A judgment in favor of plaintiff for $18,650.67 was rendered on August 30, 1985, and entered and docketed on September *105610, 1985. Plaintiff did not serve a copy of this judgment with notice of entry. Instead, it caused the Sheriff to levy execution on two bank accounts tying up over $33,000 of defendant’s funds.
Defendant served and filed a notice of appeal dated September 23, 1985, and by a bond dated October 9, 1985, it secured a stay of the judgment by an undertaking to pay $18,650.67 in the event of an affirmance, in whole or in part, or dismissal of its appeal. (CPLR 5519 [a] [2].)

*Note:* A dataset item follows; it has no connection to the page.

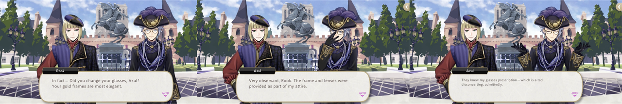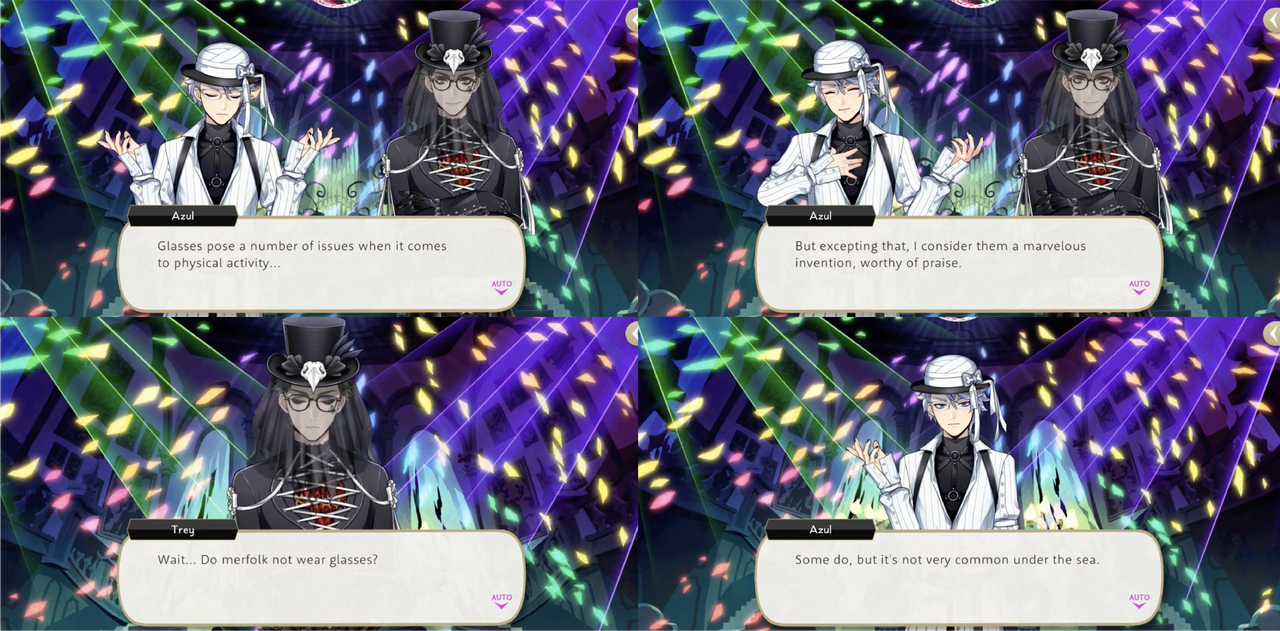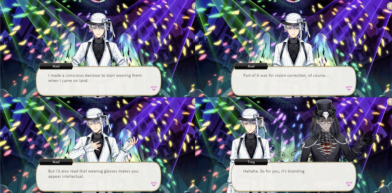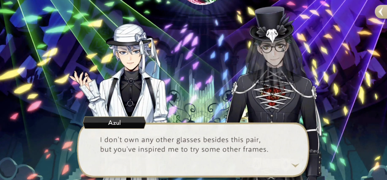 Azul says that he owns only one pair of glasses, though his labwear goggles are also prescription, and the glasses he wears during Glorious Masquerade were provided to him by Noble Bell College (“They knew my glasses prescription—which is a tad disconcerting, admittedly.”)

Thus secured, the plaintiff has no interest in opposing this motion. It is the Sheriff, now owed $950.03 in poundage and fees, who cross-moves to fix that sum and direct its payment as a condition to the discharge of the levies. This, of course, aggravates the judgment debtor who feels that the judgment creditor should have served notice of entry of the judgment before acting to collect it thereby incurring poundage and fees. This overlooks the professional responsibility owing by counsel to the judgment creditor competently and zealously to safeguard his client’s interest (Code of Professional Responsibility, Canons 6, 7) and the maxim that "the race is to the swift” (Davidson, "War Song”). To have failed to act as plaintiff did risked loss of priority. (See, Siegel, NY Prac § 520, at 710; Matter of Graze v Bankers Trust Co., 45 Misc 2d 610.) Plaintiff had no obligation to serve a copy of the judgment with notice of entry before pursuing its enforcement remedies. "Once his judgment has been entered — that is the moment which makes the judgment enforceable — the judgment creditor may turn to whichever devices suit his particular purpose.” (Siegel, op. cit. § 485, at 652.)

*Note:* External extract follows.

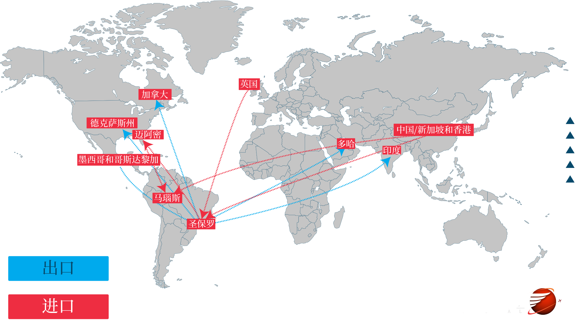 我们的业务覆盖了巴西的主要港口,此外还通过我们专门从事航空运输的公司Almex,在迈阿密机场综合体拥有自己的基础设施。我们也是UNIGROUP的成员,它是在物流和技术领域一个实力雄厚的企业集团,它确保我们在巴西主要港口的服务背后的结构,并拥有专业团队的支持。

Entry is defined in CPLR 5016 (a) as the filing of the judgment, after signature, by the clerk. It is the linchpin not only of enforcement but also of appeal, for no appeal may be taken until the judgment is entered. A stay pending appeal requires service on the adversary of a notice of appeal (CPLR 5519 [a]), and, in the circumstances at bar, of the undertaking contemplated in paragraph (2) thereof. The appellant must act quickly or risk the adversary’s earlier resort to enforcement proceedings. Surely, the judgment debtor could have protected itself earlier. After all, the judgment was dated August 30— although not appealable until its entry on September 10 (Siegel, op. cit. § 534, at 744) — and the undertaking is dated October 9.
The undertaking does not run in favor of the Sheriff. There *1057is no way for the Sheriff to recover the poundage and fees to which he is entitled except from the defendant or its funds on which he has levied.
Accordingly, the motion and cross motion are granted to the extent that the lien of plaintiff’s judgment is released as to defendant’s accounts in Banco Central of New York and National Westminster Bank, U.S.A. except to the extent of $950.03 which are the fees and poundage owing to the Sheriff. This sum may be collected from the foregoing accounts unless the judgment debtor otherwise makes payment to the Sheriff on the settlement of the order hereon. In either event, if the judgment ultimately be reversed, the $950.03, shall be taxable as a disbursement in favor of the defendant. (CPLR 8301 [a] [12].)